Callbacks help control overfitting and underfitting by monitoring metrics. For example:
- If EarlyStopping watches validation loss, it stops training before the model memorizes training data, helping maintain good recall (finding most positives).
- If ModelCheckpoint saves the best model by validation accuracy, it ensures the model balances precision (correct positive predictions) and recall well.
Without callbacks, the model might train too long, causing high precision but low recall or vice versa.
Good callback use means:
- Validation loss decreases and then stops improving, triggering EarlyStopping.
- ModelCheckpoint saves a model with the lowest validation loss or highest validation accuracy.

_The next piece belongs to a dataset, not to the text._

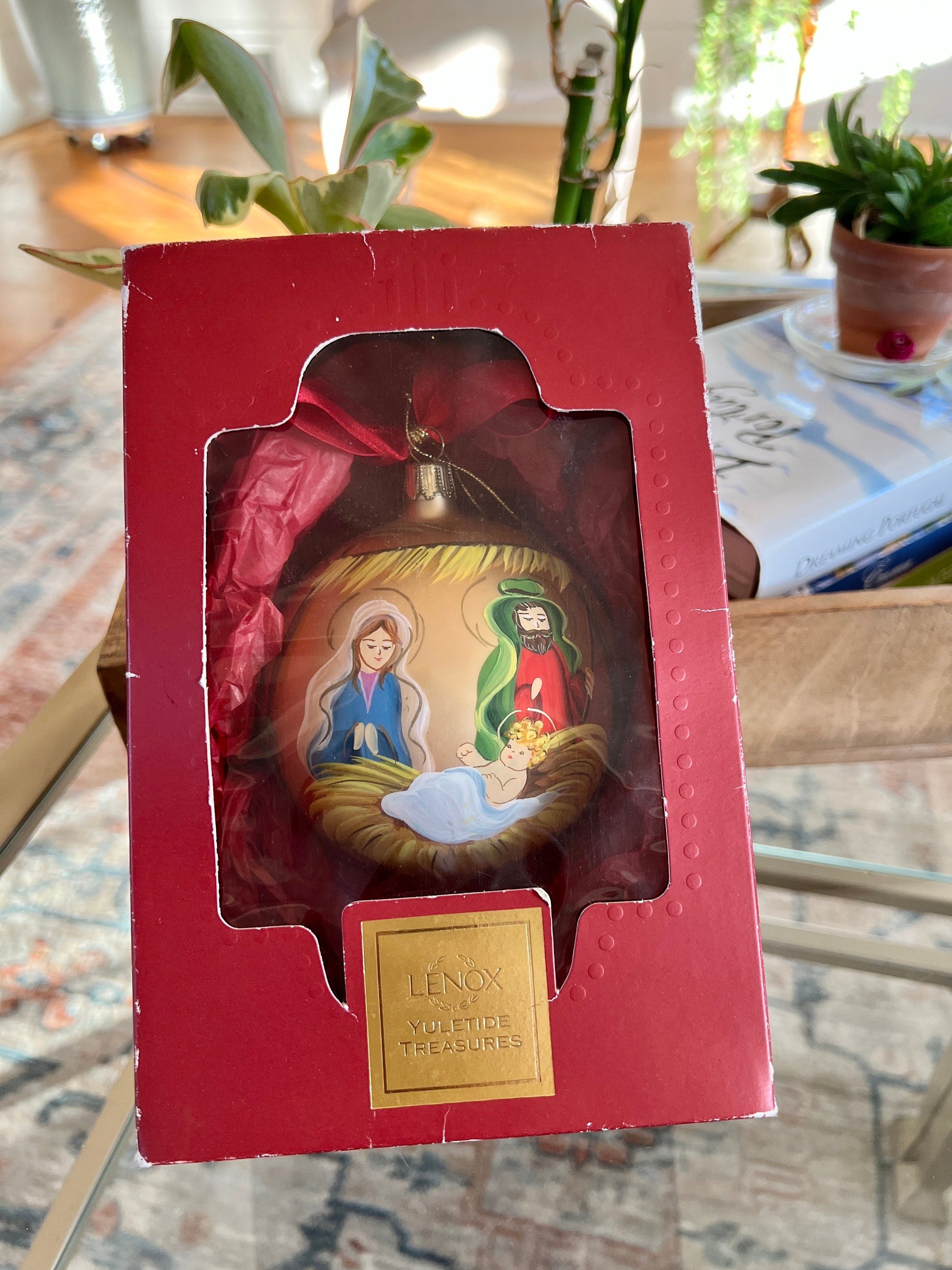 This is an absoute beauty! This is a stunning Christmas tree ornament made by Lenox. It is the Nativity ornament from the Yuletide Treasures Holy Night collection. The piece is glass and hand painted. The glass ball is gold the Holy Family on the front and country, sheep scene on back.

- Training stops early enough to avoid overfitting but late enough to learn well.
Bad callback use means:
- EarlyStopping stops too early, model underfits (high validation loss, low accuracy).
- ModelCheckpoint saves a model from early in training with poor metrics.
- No improvement in validation metrics, indicating poor model or data issues.
- Accuracy Paradox: High training accuracy but EarlyStopping triggers due to no validation improvement, meaning overfitting.
- Data Leakage: If validation data leaks into training, callbacks will stop too late or save wrong models.
- Overfitting Indicators: Validation loss increases while training loss decreases; callbacks help detect this.
- Wrong Metric: Monitoring training loss instead of validation loss can mislead callbacks.
Your model has 98% training accuracy but EarlyStopping triggered after validation accuracy stayed at 70%. Is this good?
Answer: No, this means the model learned training data well but did not generalize to new data. EarlyStopping helped stop overfitting. You should try to improve validation accuracy by better data, model, or training.